E dicono bene Silvia Prodi e Raffaele Cimmino, rispettivamente Responsabile riforme dello Stato e Responsabile Mezzogiorno di Sinistra Italiana:
“Secondo la narrativa prevalente il Recovery plan rappresenta un’imperdibile occasione per correggere, grazie alla mole di risorse, le storiche debolezze strutturali che rallentano la crescita dell’economia nazionale e al tempo stesso porre rimedio al secolare divario tra le regioni meridionali e il resto del paese.
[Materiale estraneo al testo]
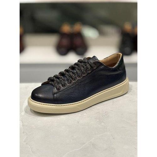 신사야 소가죽 노매듭 밴딩끈 캐주얼 스니커즈 24S029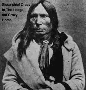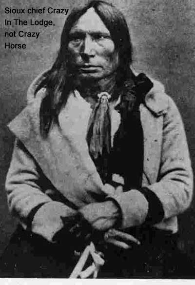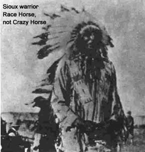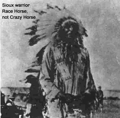 This bogus portrait of Crazy Horse purports to show the Oglala war chief at Ft. Robinson in 1876. Even if you don't know that Crazy Horse wasn't at Ft. Robinson in 1876 (he didn't surrender until May 1877), this is clearly not Crazy Horse either. There are two giveaways here. The first is his head gear: a rare point of agreement among people who knew Crazy Horse is that he never wore an eagle feather war bonnet. The second is the age of this unknown Indian, who is at least middle aged, while Crazy Horse was by most accounts a young-looking 36 or 37 at the time of his death. This Indian is sometimes identified as Race Horse, a purported cousin of Crazy Horse.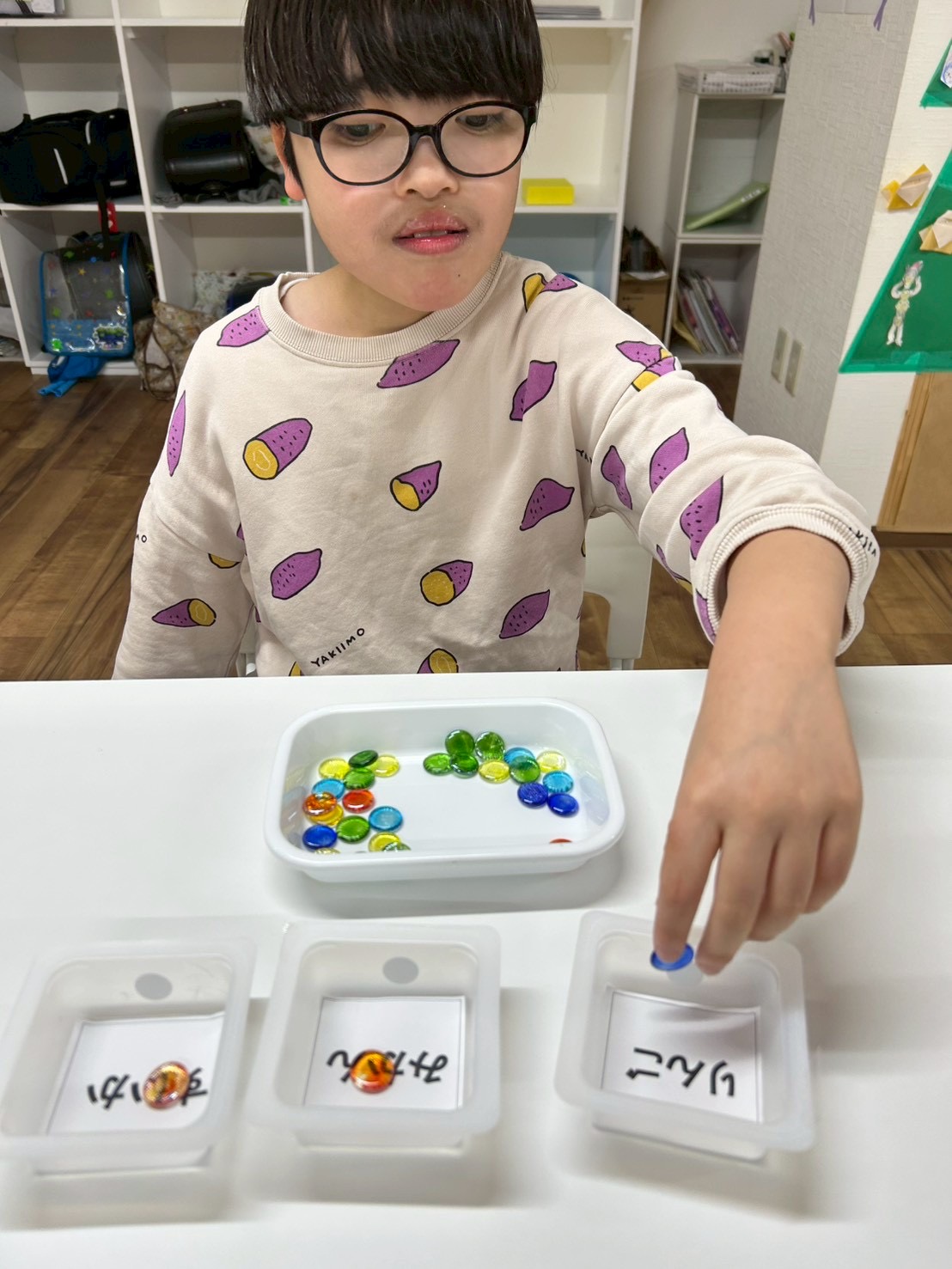 色やひらがなのマッチングなどを行っています!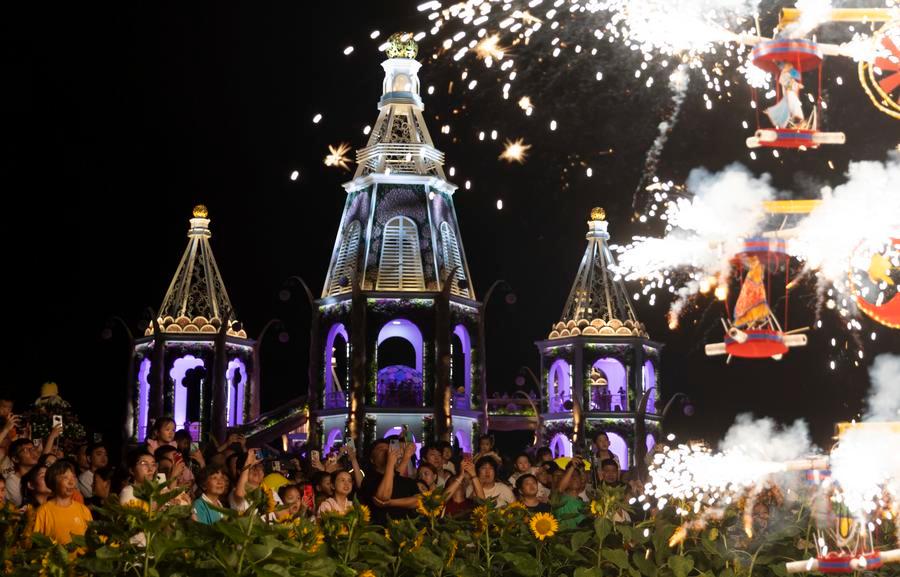 7일 상하이 치지(奇蹟)화원에서 불꽃놀이를 감상하는 관광객. (사진/신화통신)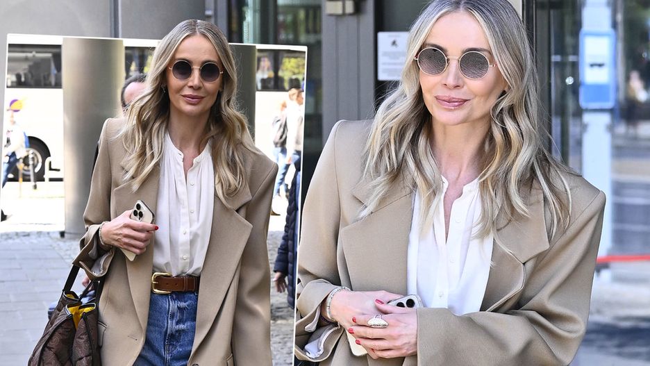 Prowadząca śniadaniówkę miała na sobie najmodniejsze spodnie sezonu, czyli dżinsy z szerokimi nogawkami. Dobrała do nich klasyczną białą bluzkę, beżową marynarkę, i swoje ulubione czarne kowbojki. Oczy zasłoniła ciemnymi okularami, ale nie da się też nie zauważyć sporych rozmiarów brązowej torebki, którą dobrała do stylizacji. Zdjęcia w naszej galerii.

Niente di più lontano dalla realtà: “con un giochino da illusionisti contabili, infatti, la quota destinata al Sud arriva al 40% ma solo perché ci si infilano le risorse del Fondo sviluppo e coesione.
Chi fa notare questo dato, e quindi ancora una volta il carattere sostitutivo anziché addizionale delle risorse, viene aspramente rimproverato. Non si capisce, si dice, che il Fondo verrà ricostituito. Intanto il 66% del Recovery plan non riguarda il Sud. Non è dettaglio da poco.
Aggiungiamoci che secondo un affidabile studio, curato tra gli altri da Riccardo Realfonzo, servirebbe il 30% addizionale delle risorse stanziate a fondo perduto dal Recovery per innescare una vera ripresa dell’economia italiana dallo shock pandemico. Basta per dire che quello che si intravede non può che destare preoccupazione.
Preoccupazione fondata, visto che lo stesso PNRR prevede che alla fine del ciclo del Recovery la ricchezza prodotta dal Mezzogiorno sarà del 23,7% della quota nazionale, al di sotto del dato del 1999.